# Can baby buns have coastal hay?



## whitelop (Dec 18, 2012)

I have a whole bale of coastal hay that I now can't use. 

Can baby bunnies eat coastal or do they need the alfalfa/timothy?

She is on mostly timothy right now with a small handful or two of alfalfa a day. 
So if she could have the coastal then it wouldn't be wasted, if she can't have it then someone can come get it.


----------



## missyscove (Dec 18, 2012)

If she has access to a higher protein pellet, the coastal hay shouldn't be a problem.


----------



## whitelop (Dec 18, 2012)

I'm about to order her some of the sherwood forest baby pellets. Those have a high protein content right? She is about 5 weeks old, weaned too early and came from a pet store, so wasn't properly fed. 
Right now, she eats almost nothing but hay. She only gets about 8-10 pellets at a time so she gets some extra stuff other than just hay.

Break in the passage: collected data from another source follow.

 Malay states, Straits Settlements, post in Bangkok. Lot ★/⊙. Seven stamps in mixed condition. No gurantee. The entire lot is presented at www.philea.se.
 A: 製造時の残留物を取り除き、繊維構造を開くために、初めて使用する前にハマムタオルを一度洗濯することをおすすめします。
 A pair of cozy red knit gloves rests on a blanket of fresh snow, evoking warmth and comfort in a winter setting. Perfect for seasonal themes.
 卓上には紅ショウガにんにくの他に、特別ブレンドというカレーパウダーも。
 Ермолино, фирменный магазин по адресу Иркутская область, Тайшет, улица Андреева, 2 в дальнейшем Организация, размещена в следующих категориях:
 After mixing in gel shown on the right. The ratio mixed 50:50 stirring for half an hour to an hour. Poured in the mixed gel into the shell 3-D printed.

Since she can't have greens or anything like that. Once she gets the sherwood I'll be able to wean her ONto them properly. 

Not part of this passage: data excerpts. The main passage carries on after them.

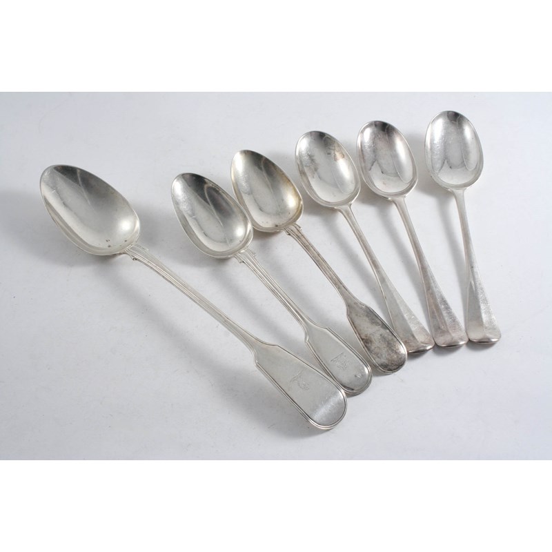(single struck) and matching table spoon, crested, London 1832 together with another table spoon and three plated table spoons; the baster 11.75" (30 cms) long; 9.5 oz weighable silver (6)
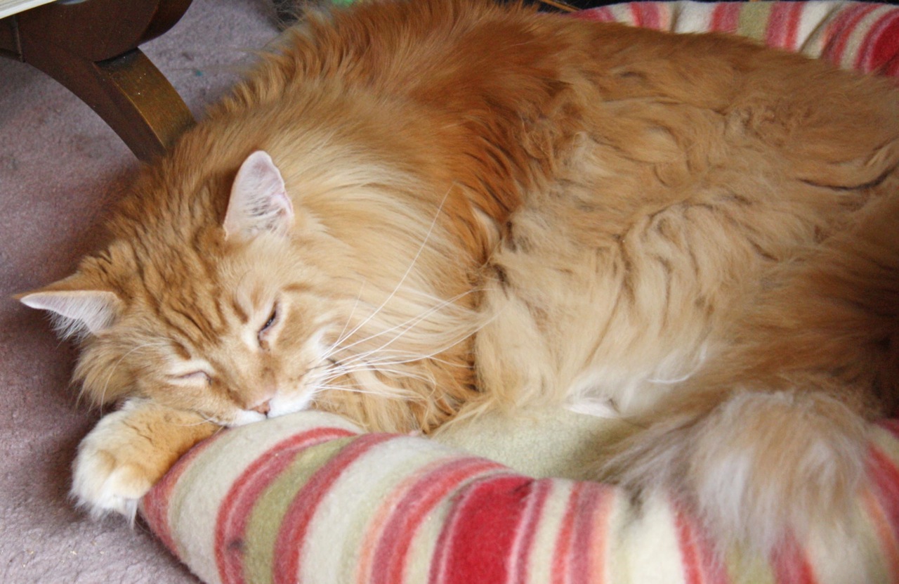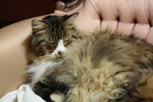 It was a grey day again, though, and both cats found good spots to curl up.  Smudge on the chair.
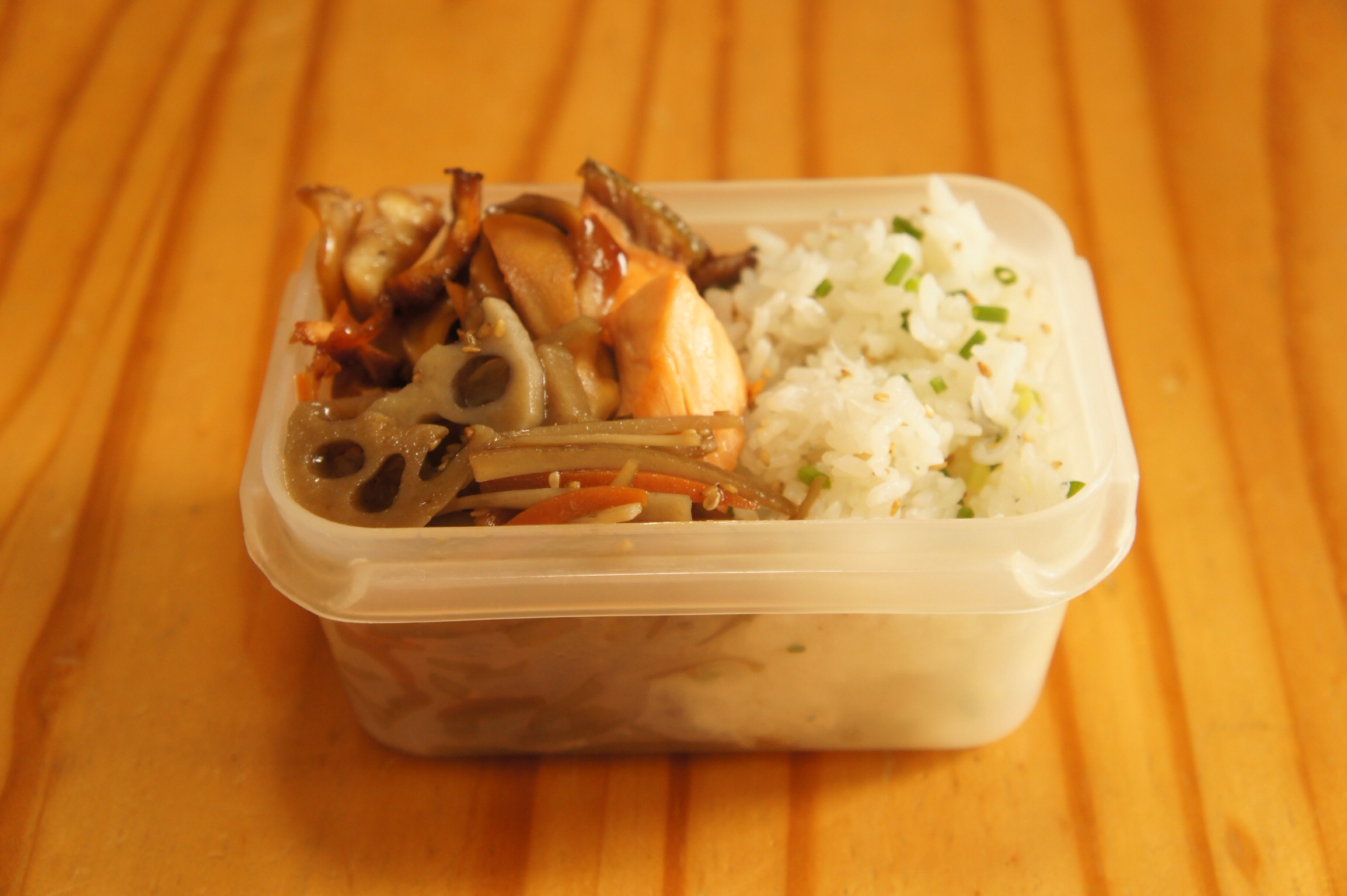 昨日と全く同じお弁当。この組み合わせなかなか良いね。きのこは1種類より何種類か混ぜると風味がまして美味しくなると料理番組で言ってたけど、確かにそうかも。

I'm only giving her the limited amount of pellets, because I don't want to shock her tummy with pellets. Plus, they're adult and kaytee forti-diet pellets, so not great.


----------



## LakeCondo (Dec 18, 2012)

Yes, it's basically nutritionally the same as any grass hay, including timothy. Alfalfa is the one different kind of hay. That's as long as it's of equal quality,of course.


----------



## whitelop (Dec 18, 2012)

Its a good quality coastal. 

Should I mix it in with her hay now? To like build her up to it? So she'll get timothy(until the bag runs out, which is a few days from now) coastal and a few handfuls of alfalfa a day. Is that too much of a variety for a baby, or is it okay?


----------



## whitelop (Dec 18, 2012)

And would 12 lbs of sherwood forest baby pellets be too much? How long do they eat alfalfa pellets? 
Ahhh...I'm sorry, I'm new to babies and I can't think straight right now. I'm totally distraught and I can't make her diet make sense in my head and I want to make sure she gets everything she needs.


----------



## missyscove (Dec 18, 2012)

Coastal hay is a grass hay like timothy which means they're basically nutritionally equivalent. The kaytee forti-diet pellets aren't bad; they were my fallback pellets when I ran out of oxbow before my order came in. 
I've never used the sherwood pellets (I've also never had a young rabbit). Generally the diet switch should happen somewhere between 6 months and 1 year of age, depending on mature size, etc.


----------



## JBun (Dec 18, 2012)

Coastal hay would be fine to feed her, just another grass. You may want to give her small amounts for the first few days, just to make sure there are no digestive issues with it. It doesn't hurt to give them a variety. I'm feeding my babies(I guess they're considered juniors now) a mix of alfalfa, timothy, and another grass hay that I think is coastal. Variety for rabbits is actually good too, as it helps with the wearing down of their teeth.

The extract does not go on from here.